Nonlinear Hall effect in Weyl semimetals induced by chiral anomaly
Rui-Hao Li, Olle G. Heinonen, Anton A. Burkov, Steven S.-L. Zhang
TL;DR
This paper predicts a nonlinear Hall effect in Weyl semimetals with tilted Weyl cones caused by chiral anomaly, independent of Berry curvature dipole, expanding understanding of nonlinear transport phenomena.
Contribution
It introduces a new nonlinear Hall effect mechanism in Weyl semimetals driven by tilt and chiral anomaly, distinct from Berry curvature dipole effects.
Findings
Nonlinear Hall conductivity is linear in electric and magnetic fields.
Effect depends critically on Weyl cone tilting.
Does not rely on Berry curvature dipole.
Abstract
We predict a nonlinear Hall effect in certain Weyl semimetals with broken inversion symmetry.

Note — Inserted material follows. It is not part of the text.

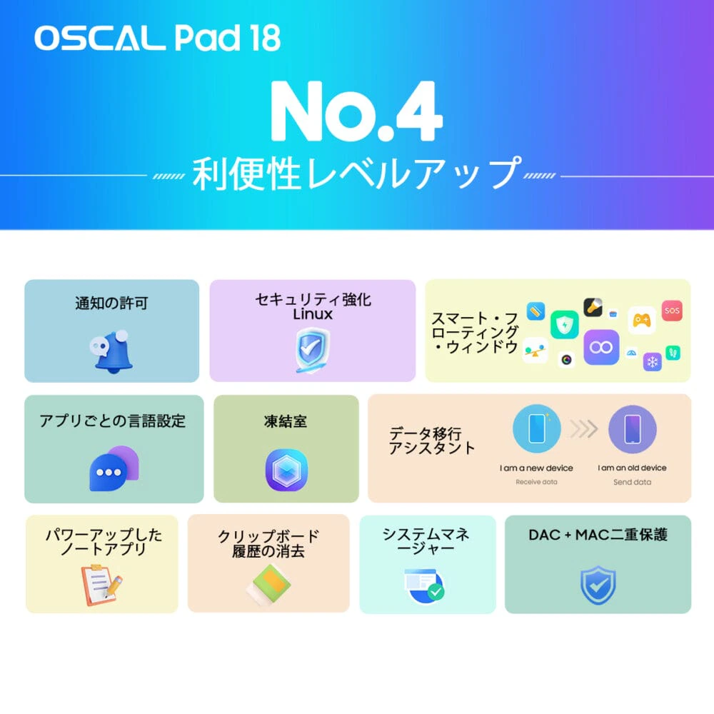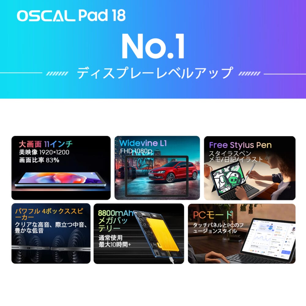 世界中のユーザーのニーズを更に満たすため、Oscalは新たなタブレット『Oscal Pad 18』を日本時間の2023年12月11日(月)にリリースする。11インチ画面、クアッドボックススピーカー、8,800mAh大容量バッテリー、最大24GB RAM、そしてAndroid13ベースのDokeOS_P 3.0を採用し、より革新的なアップグレードを備えた最新モデルとなっている。

When the energy dispersions about pairs of Weyl nodes are skewed -- the Weyl cones are "tilted" -- the concerted actions of the anomalous velocity and the chiral anomaly give rise to the nonlinear Hall effect. This Hall conductivity is linear in both electric and magnetic fields, and depends critically on the tilting of the Weyl cones. We also show that this effect does not rely on a finite Berry curvature dipole, in contrast to the intrinsic quantum nonlinear Hall effect that was recently observed in type-II Weyl semimetals.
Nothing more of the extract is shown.